A new study has found a “kindness gene.”  It seems that some people are born kind and some are born “bad to the bone.”

People with a certain gene trait are known to be more kind and caring than people without it, and strangers can quickly tell the difference, according to US research published on Monday.

The variation is linked to the body’s receptor gene of oxytocin, sometimes called the “love hormone” because it often manifests during sex and promotes bonding, empathy and other social behaviors.

Scientists at Oregon State University devised an experiment in which 23 couples, whose genotypes were known to researchers but not observers, were filmed.

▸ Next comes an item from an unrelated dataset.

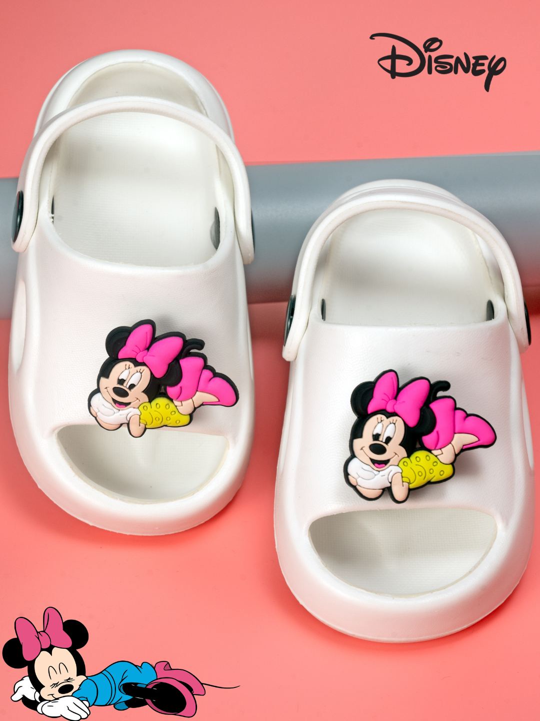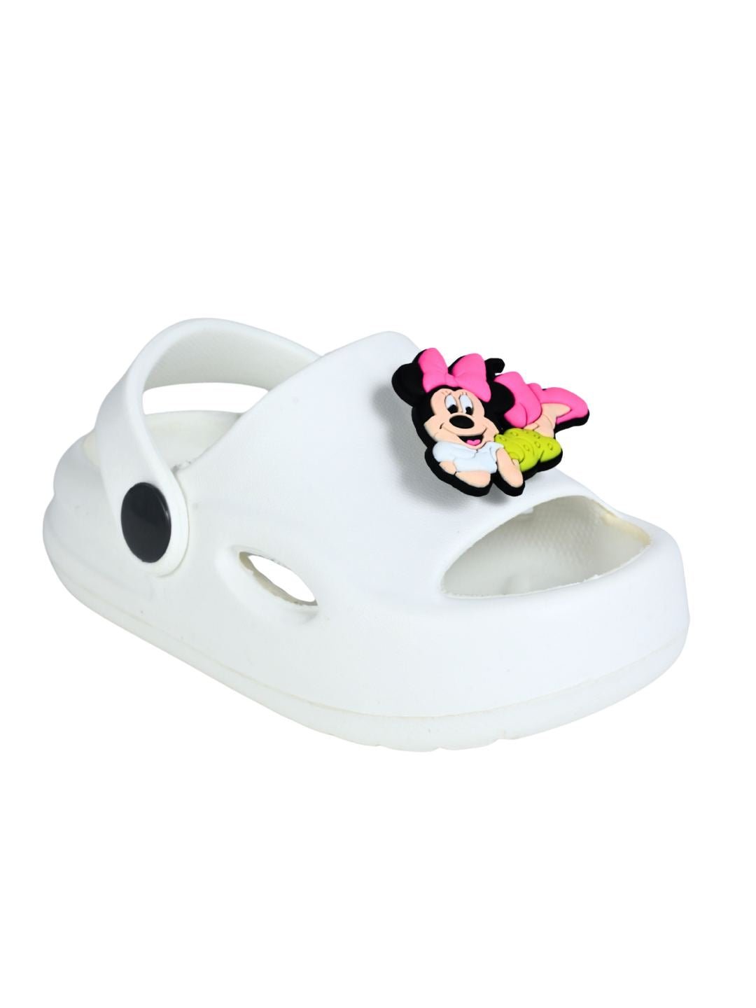 Brighten up your child’s steps with the Sweet & Trendy Disney Minnie Mouse Rotating Charms Sandals for Girls – White. Featuring an adorable rotating Minnie Mouse charm and a bold white base, these sandals perfectly balance playful Disney style with everyday comfort. Made from lightweight EVA, they’re soft, durable, and designed for all-day wear, making them a must-have for little Minnie lovers.

One member of the couple was asked to tell the other about a time of suffering in his or her life. Observers were asked to watch the listener for 20 seconds, with the sound turned off.

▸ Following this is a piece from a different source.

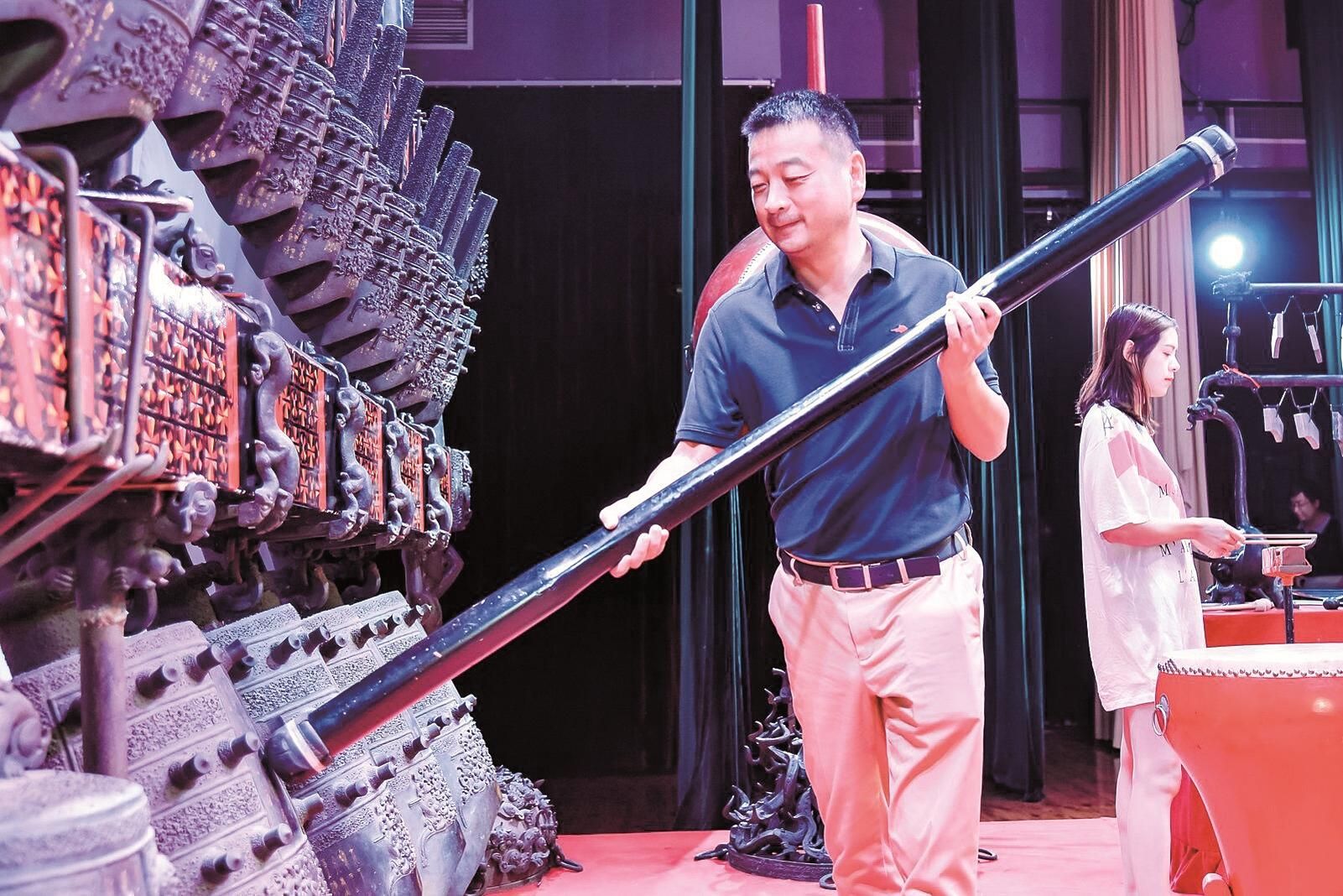 梁建章在湖北省博物馆体验编钟

In most cases, the observers were able to tell which of the listeners had the “kindness gene” and which ones did not, said the findings in the Proceedings of the National Academy of Sciences edition of November 14.

Should we no longer praise people for being kind?  No, we should praise them, but if we were to use Green’s logic then meanness would no longer be viewed as the person’s fault, because we’ve discovered that it’s genetic.

And happiness is also genetic, according to an article in The Economist:

Serotonin is involved in mood regulation. Serotonin transporters are crucial to this job. The serotonin-transporter gene comes in two functional variants””long and short. The long one produces more transporter-protein molecules than the short one. People have two versions (known as alleles) of each gene, one from each parent. So some have two short alleles, some have two long ones, and the rest have one of each.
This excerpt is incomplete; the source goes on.